Large vainqueur du scrutin de janvier, Lai Ching-te, 64 ans, n'a pas les faveurs du gouvernement chinois, qui considère Taïwan comme l'une de ses provinces et qualifie le futur président de "dangereux séparatiste" risquant d'amener "la guerre et le déclin" sur l'île.
Il succèdera lundi à la présidente Tsai Ing-wen lors d'une cérémonie suivie de près tant par la Chine que par les Etats-Unis, partenaire-clé et fournisseur d'armes de Taïwan.
Le statut de Taïwan est sans doute le sujet le plus explosif dans les relations entre la Chine et les Etats-Unis.
Si Washington reconnaît Pékin au détriment de Taipei depuis 1979, le Congrès américain impose parallèlement de fournir des armes à Taïwan, dans le but affiché de dissuader la Chine de toute volonté expansionniste.
L'île autonome de 23 millions d'habitants n'est située qu'à 180 kilomètres des côtes chinoises.
Pékin a intensifié sa pression diplomatique et militaire depuis l'élection en 2016 de Tsai Ing-wen, dont la formation, le Parti démocrate progressiste (DPP), rejette les vélléités de la Chine.
Lai Ching-te, issu du même parti, s'est décrit par le passé comme un "artisan pragmatique de l'indépendance de Taïwan".
Il a depuis adouci son discours: désormais il affirme qu'un processus d'indépendance n'est pas nécessaire car l'île a, selon lui, de facto ce statut.
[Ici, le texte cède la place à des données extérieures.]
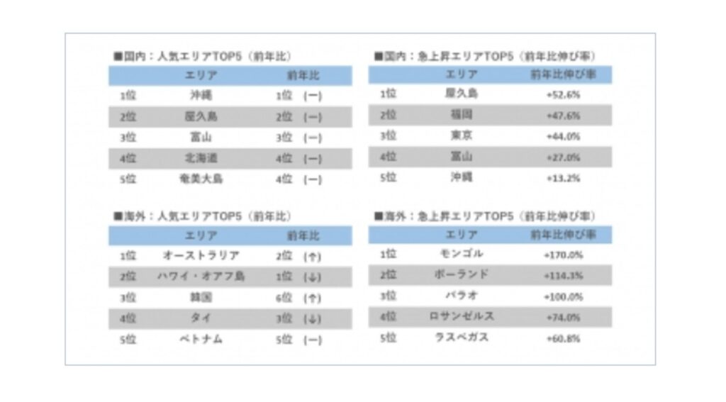 国内では沖縄と北海道が引き続き人気を維持する中、屋久島が前年比52.6%増で急上昇トップとなった。海外渡航を控えた層が、国内でも非日常性の高い離島へ予算を振り向けている。また富山もSNSで話題となった「雪の大谷」により同27.0%増と伸長し、期間限定の絶景を求める動きが見られる。

- "Maintenir le statu quo" -
Pour éviter d'irriter davantage Pékin, le nouveau président devrait "maintenir la politique responsable de sa prédécesseure", estime Amanda Hsiao, du centre de réflexion International Crisis Groupe.
Promettant d'être "du côté de la démocratie", le président élu veut "poursuivre les échanges et la coopération avec la Chine", premier partenaire commercial de Taïwan. Et aussi renouer les communications de haut niveau, coupées par Pékin dès 2016.
"Nous travaillerons à maintenir le statu quo des deux côtés", a-t-il déclaré cette semaine. Et "je n'exclurai pas un dialogue avec la Chine sur la base des principes de respect mutuel, d'avantages mutuels et de dignité, sans conditions préalables".
Huit chefs d'Etat et une cinquantaine de délégations étrangères sont attendues à la cérémonie lundi, notamment des Etats-Unis et du Canada.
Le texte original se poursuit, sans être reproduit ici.